Besides, I don't like dresses.
It is not just self-marriage that gives me pause. I think regular marriage ceremonies have an outsize role in our cultural values and practices. Jaclyn Geller, author of Here Comes the Bride: Women, Weddings, and the Marriage Mystique, proposes this alternative: "When every person turns 25 he or she gets a party. The celebrant can register for housewares, furniture, linen. He or she might even have a ceremony that involves committing to important people, one of whom might be a lover. But these material rewards would not be contingent upon finding 'the one.' It's moving that the older generation wants to help the next generation get a start in life, but reserving this support for those in amorous couples is outrageous."
I realize that weddings are so strongly embedded in our culture that they are not going to be displaced anytime soon. Perhaps, though, we could take more seriously and celebrate more fulsomely the other life events that people find meaningful and significant. They could include, for instance, completing college or graduate school or a tour of duty, buying a first home, writing a book, getting a coveted job or promotion, or attaining acceptance into the Peace Corps or the training program of your dreams.

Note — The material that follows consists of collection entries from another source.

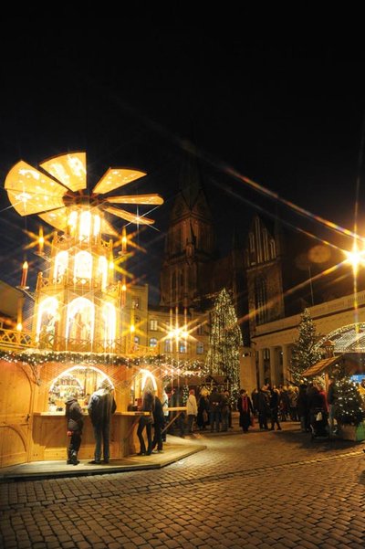 Die Pyramide erhellt wie in jedem Jahr den Marktplatz, auf dem Schlachtermarkt spielt die Eisbärenband auf Knopfdruck zum Tanz auf, der Weihnachtsmann hält seine Sprechstunde ab, am Pfaffenteich wird trotz Plusgraden Eis gelaufen oder eine Runde auf dem bunt beleuchteten Riesenrad gedreht.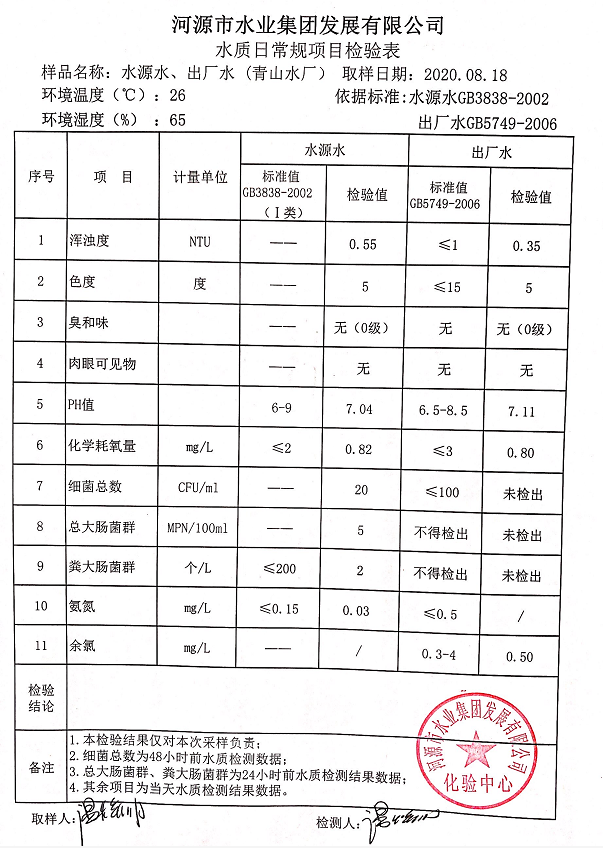 2020年8月18日水質(zhì)檢驗(yàn)報告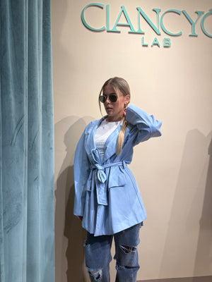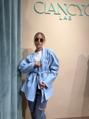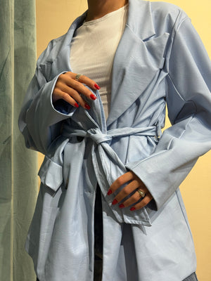 Realizzata in vernice, questa giacca si adatta perfettamente fino alla taglia 48, offrendo un design moderno ed elegante.
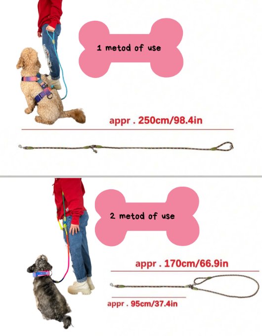 The reflective material adds safety and the leash can be used for small, medium, and large dogs. Its one size fits all design features a 250cm length and 1.2cm diameter for convenient use in various scenarios.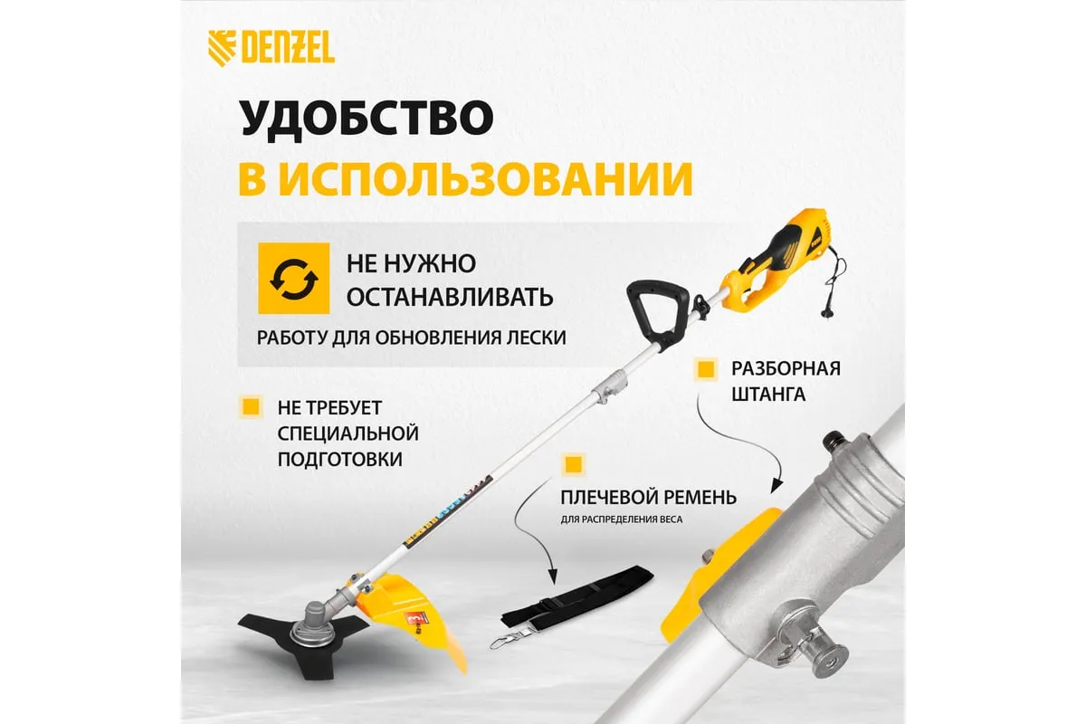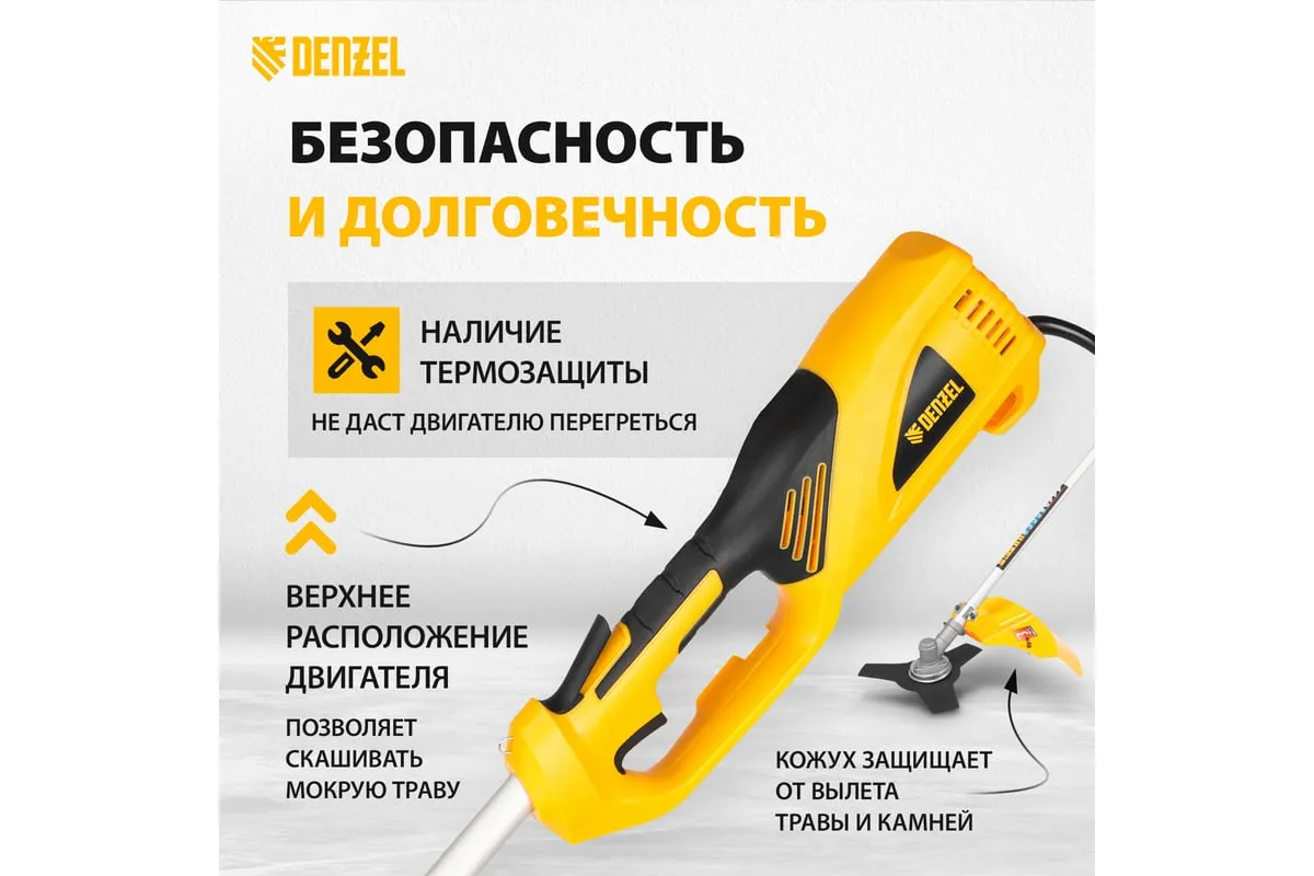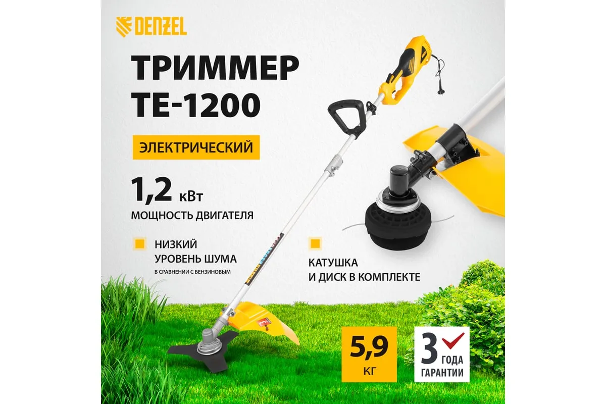 Электрический триммер DENZEL TE-1200 96611 предназначен для выкашивания травы в труднодоступных местах: вокруг деревьев, клумб, вдоль забора и т.д.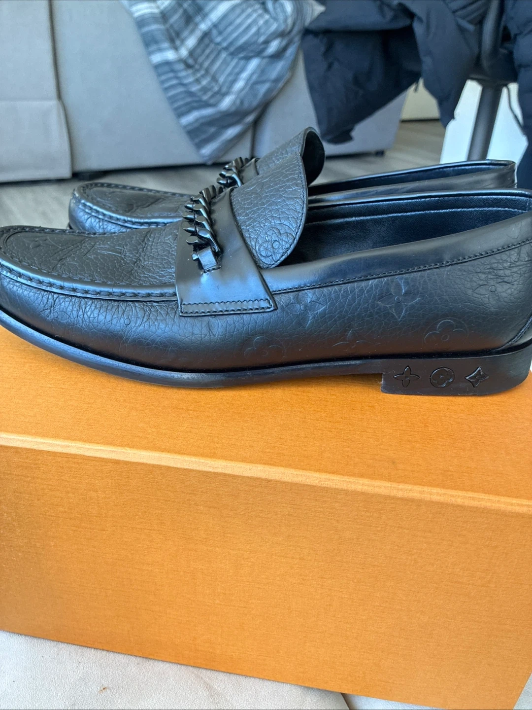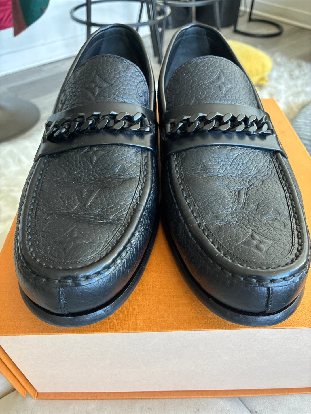 Black leather loafers from Louis Vuitton. These stylish shoes feature the iconic LV monogram embossed on the leather and a decorative chain across the vamp. Includes original box.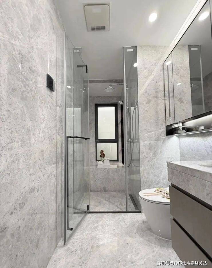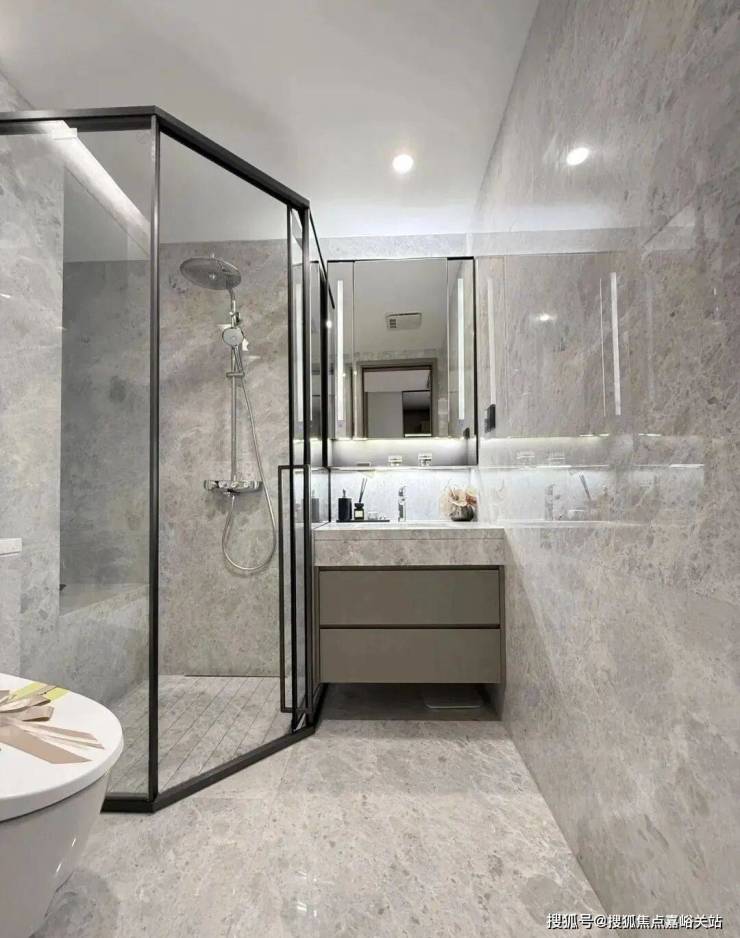 所有户型全屋墙纸交付,连电视机背景墙岩板以及主卧背景墙都是交付标准,卫生间甄选不同的石材,以此来满足功能区的需求。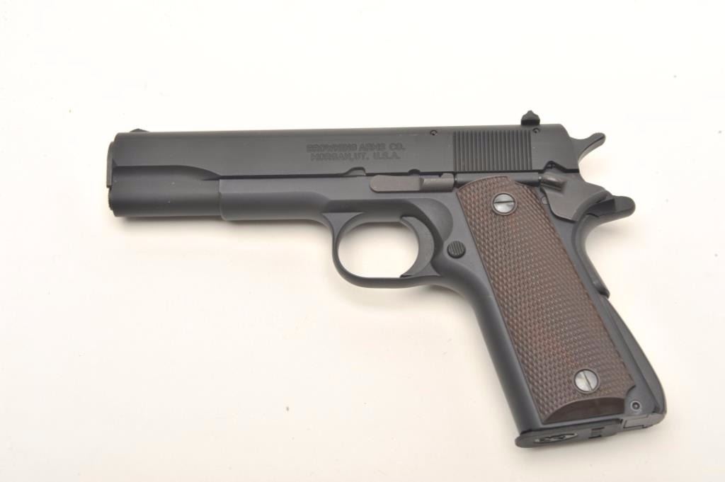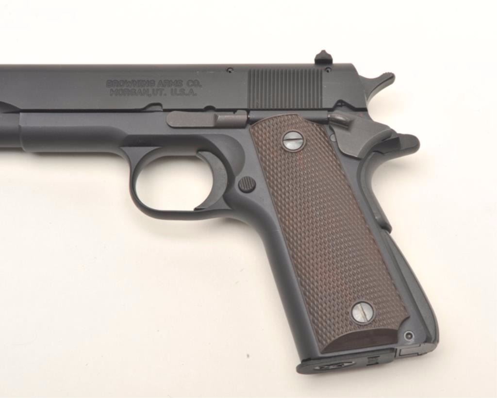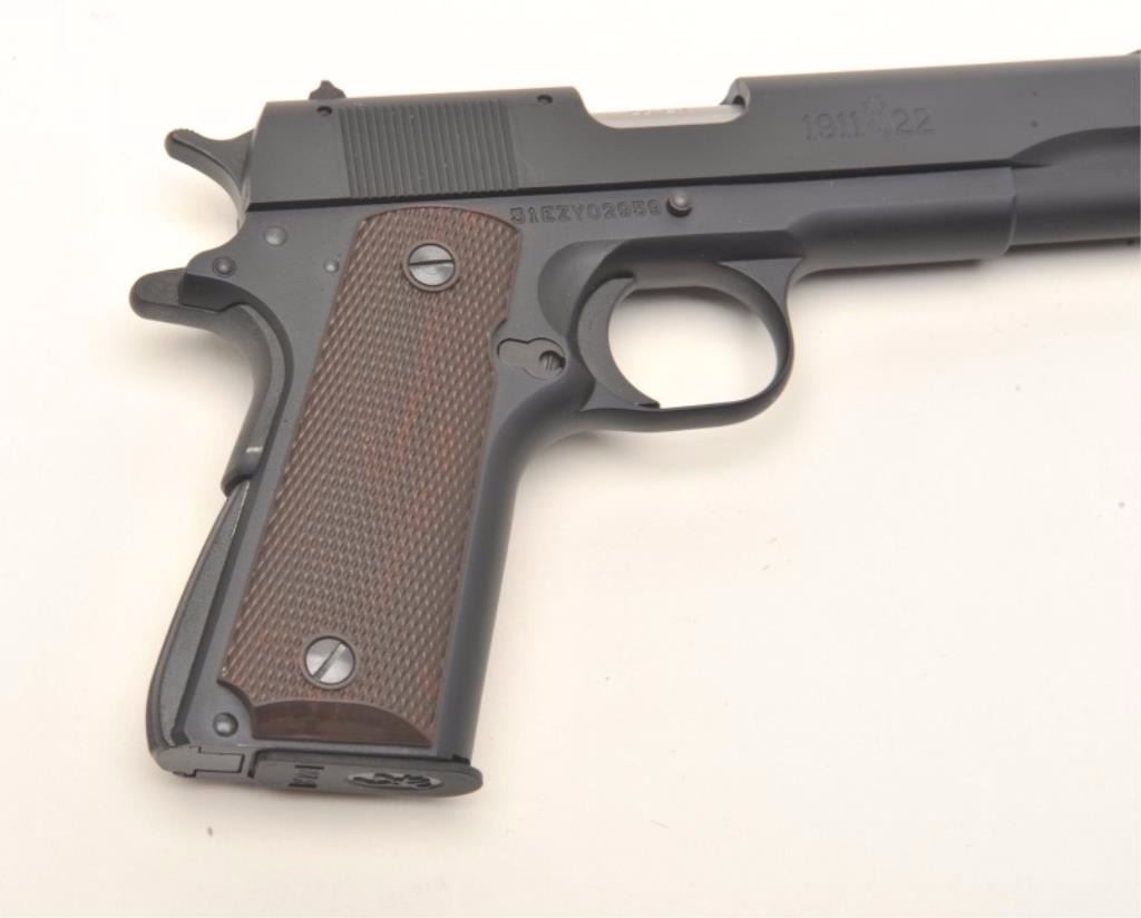 Browning 1911-22 Baby 1911 semi-automatic pistol, #51EZY02959. Matte black finish, plastic checkered grips, 90% frame size for smaller shooters. Pistol is in excellent condition, with original paperwork, Browningboot, gunlock, cardboard box and 1 magazine. Est. $300-600. (Modern, PPT)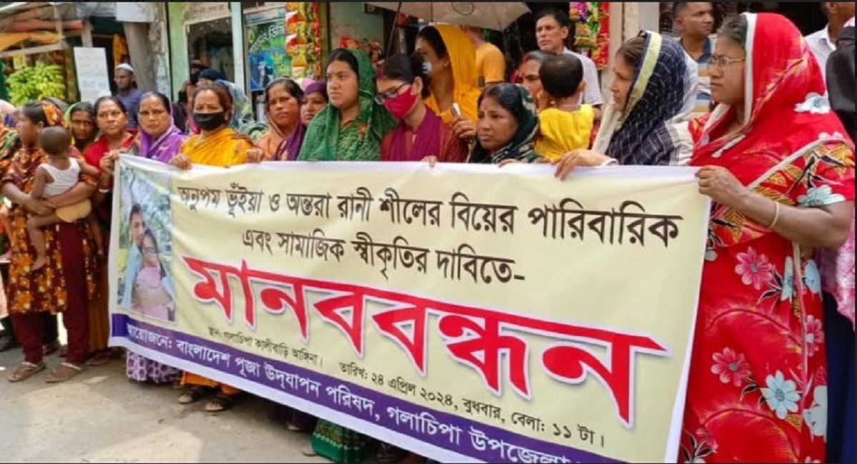 পটুয়াখালীর গলাচিপায় স্ত্রী’র স্বিকৃতির দাবীতে বাংলাদেশ পূ্জা উদযাপন পরিষদের আয়োজনে কেন্দ্রীয় কালিবাড়ি মন্দিরের সামনে ২৪ এপ্রিল বুধবার বেলা ১১ টার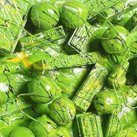 Betonplatte 36 cm x 36 cm, Nägel seitlich im Beton eingelassen, Stempel, Stempelkissen, Stahldraht verschiedenfarbig lackiert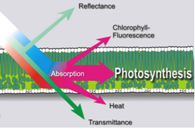 太陽輻射照射到植物葉片上,其中的藍色波段和紅色波段大部分被葉片吸收進行光合作用,另一部分(包括綠色波段、紅外波段等)以反射光的形式返回到大氣中,少量以熒光的形式發(fā)射到大氣中,還有部分則以熱的形式耗散。通過對葉片反射光成像測量分析(RGB彩色成像、多光譜或高光譜成像等)、多光譜熒光成像測量分析及葉片溫度測量分析(紅外熱成像),可以全面分析植物的性狀特征包括外部形態(tài)顏色、光合作用效率、氣孔動態(tài)、次級代謝等形態(tài)與生理生態(tài)特征,使植物表型數字化、生理生態(tài)及功能可視化。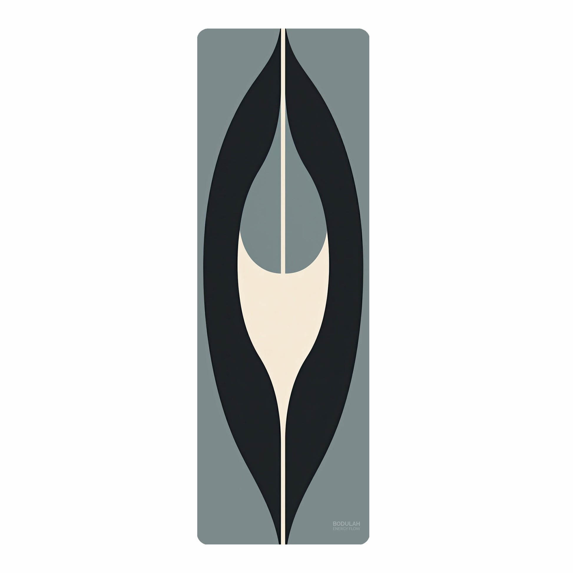 Channel the essence of sacred stillness through smooth, symmetrical shapes and grounding tones. The elegant contrast of charcoal black against soft ivory flows within a muted grey field - inviting introspection, silence, and strength.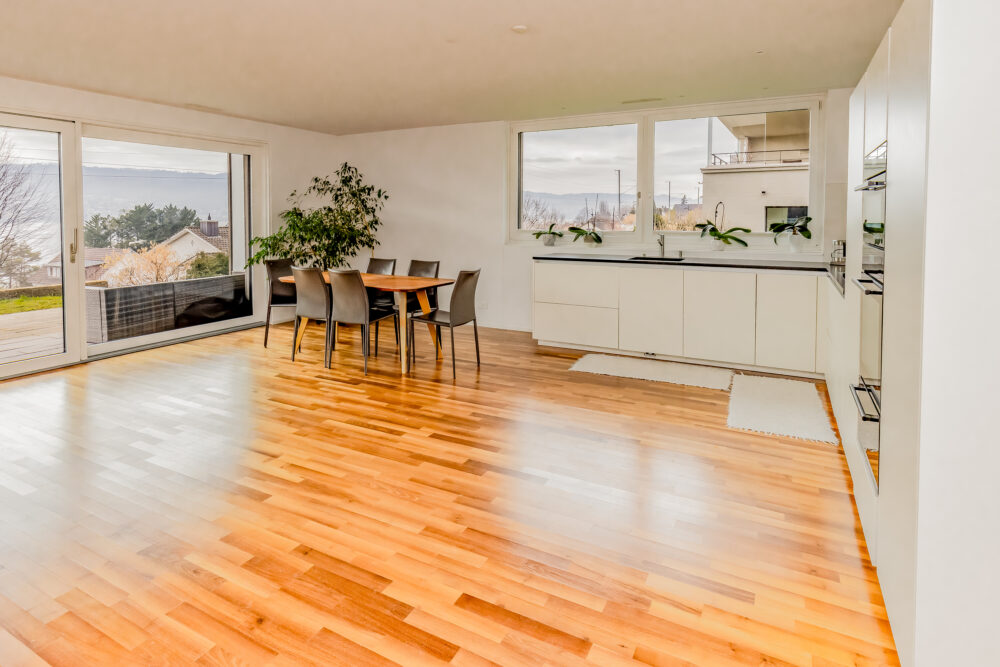 Hoch über dem Alltag, in sonniger Panoramalage: Diese neuwertige Wohnung begeistert mit beeindruckender Seesicht, lichtdurchfluteten Räumen und exklusivem Wohnkomfort – und dank der hervorragenden Anbindung an öffentliche Verkehrsmittel sind Sie in kürzester Zeit im Zentrum. Auf einen Blick: + SEESICHT: unverbaubare Aussichtslage mit Abendsonne + GROSSZÜGIG: 100m2 Wohnraum, Terrasse + ZUSTAND: bezugsbereit, kein Investitionsbedarf, modern + TOP ANBINDUNG: innert kürzesten Zeit im Zentrum + WOHNEN: offen gestaltetes Wohn- und Esszimmer + MODERN: Fussbodenheizung, hochwertiger Parkett, offene Küche mit Vollausstattung + PARKPLATZ: 1 Tiefgaragenparkplatz mit E-Mobilität Vorbereitung inklusive Bei Interesse senden wir Ihnen gerne einen ausführlichen Objektbeschrieb inklusive sämtlichen Informationen und freuen uns, Sie persönlich an einem Besichtigungstermin beraten zu dürfen. WENET AG – Immobilien der KI Group AG since 1974.

While researching my book How We Live Now: Redefining Home and Family in the 21st Century, I interviewed several single people who created their own celebrations. To mark her 25th year of living in California, Karen Hester reserved a historic inn at the top of Mount Tamalpais and invited about two-dozen family members and close friends. "We don't really have rituals for celebrating these long-term friendships," she told me, "or just who I am." Dan Scheffey celebrated his 50th birthday by hosting a party for 100 members of "the family I have" and "the family I chose."
I've heard from other single people who had similarly creative and ambitious visions, but less successful outcomes. One woman told me that she tried repeatedly to plan a special event, but each time too many of the people she invited declined - some, after they had already RSVP'd and all the arrangements had been scheduled and paid for.
My heart ached for her. I felt fortunate that nothing like that had ever happened to me. But her story stayed with me. The next day, I realized that something like that had happened to me, years ago. Then, the day after that, I remembered that something else had also happened, more recently.
I don't want to tell you about either one. I don't want to be the kind of person who feels entitled to the presence of other people at my significant life events, the way some brides do. Not even if some of those people invited me to their weddings and I attended, and then attended again when they married a second time. Not even if some of them made it to the weddings of people who have a less central place in their lives than I do.
What close friends and family seem to be saying when they will go to the ends of the earth to attend the wedding of someone who is not that important to them, but beg off the single person's meaningful milestones, is that single people's lives just don't matter as much as married people's. That, for some, is perhaps the deeper meaning and motivation behind marrying themselves. Maybe single people should be borrowing the wedding template after all, because it so powerfully proclaims: "This is an event that matters; you don't get to skip it. This is a person who matters."
That, I can get behind. But I still don't want to marry myself.